New data from the ASCENT-04 trial (NCT05382286), presented by Sara M. Tolaney, MD, MPH, chief of the Division of Breast Oncology and the associate director of the Susan F. Smith Center for Women’s Cancers at Dana-Farber Cancer Institute; as well as an assistant professor of medicine at Harvard Medical School, is showing the potential of combining sacituzumab govitecan-hziy (Trodelvy) with pembrolizumab (Keytruda) as a new first-line standard of care (SOC) for patients with PD-L1–positive metastatic triple-negative breast cancer (mTNBC).
Tolaney starts the conversation by describing the aggressive nature of TNBC, which accounts for approximately 15% of all breast cancer cases. Notably, around 40% of these TNBC tumors are PD-L1 positive. The current SOC for these patients in the metastatic setting involves chemotherapy in combination with a checkpoint inhibitor, a strategy that has typically yielded progression-free survival (PFS) rates ranging from 7 to 9 months.
However, Tolaney emphasizes a critical unmet need: a significant proportion of patients initiating first-line therapy for mTNBC do not proceed to second-line treatment due to disease progression, death, or declining health. This underscores the importance of optimizing treatment strategies in the initial, frontline setting.

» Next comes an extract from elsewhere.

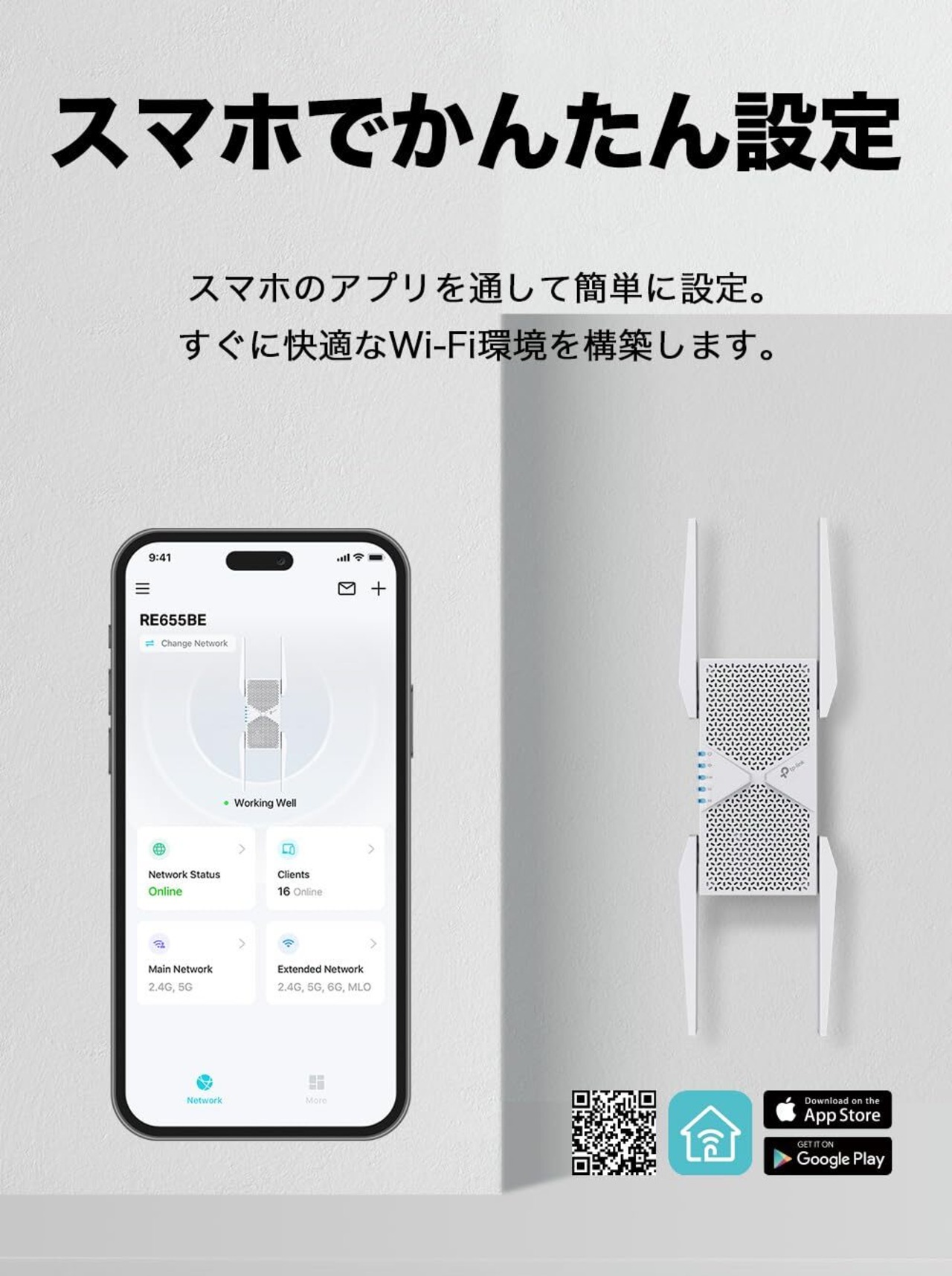EasyMesh互換: EasyMesh対応のネットワーク機器と連携させることで、シームレスで柔軟性に富んだ家じゅうをカバーするメッシュネットワークを構築します。

The ASCENT-04 trial directly addressed this need by evaluating the efficacy of combining sacituzumab govitecan with pembrolizumab compared with the SOC of chemotherapy plus pembrolizumab in patients with PD-L1 positive mTNBC. The results of this study demonstrated a statistically significant improvement in PFS for the combination arm.
“What we saw in the trial was that the median progression-free survival for sacituzumab govitecan and pembrolizumab was 11.2 months, which was significantly better than chemotherapy and pembrolizumab, which had a PFS of 7.8 months. So, an absolute difference between the 2 arms of 3.4 months with a hazard ratio of 0.65,” explains Tolaney. “This benefit was seen across all the key subgroups, and so I think it does suggest that the combination of sacituzumab govitecan and pembrolizumab could be a potential new first-line standard of care for patients who have PD-L1–positive, metastatic triple-negative breast cancer.
When asked about how these findings further establish sacituzumab govitecan's role in the broader mTNBC treatment landscape, Tolaney explained that sacituzumab govitecan is already established as a second-line SOC based on the prior ASCENT trial. That study demonstrated improved PFS and overall survival for sacituzumab govitecan compared with chemotherapy in pre-treated mTNBC.
“Now, the ASCENT-04 study is trying to move sacituzumab govitecan from that second-line space into the frontline space, specifically for patients who have PD-L1–positive metastatic triple negative disease,” adds Tolaney.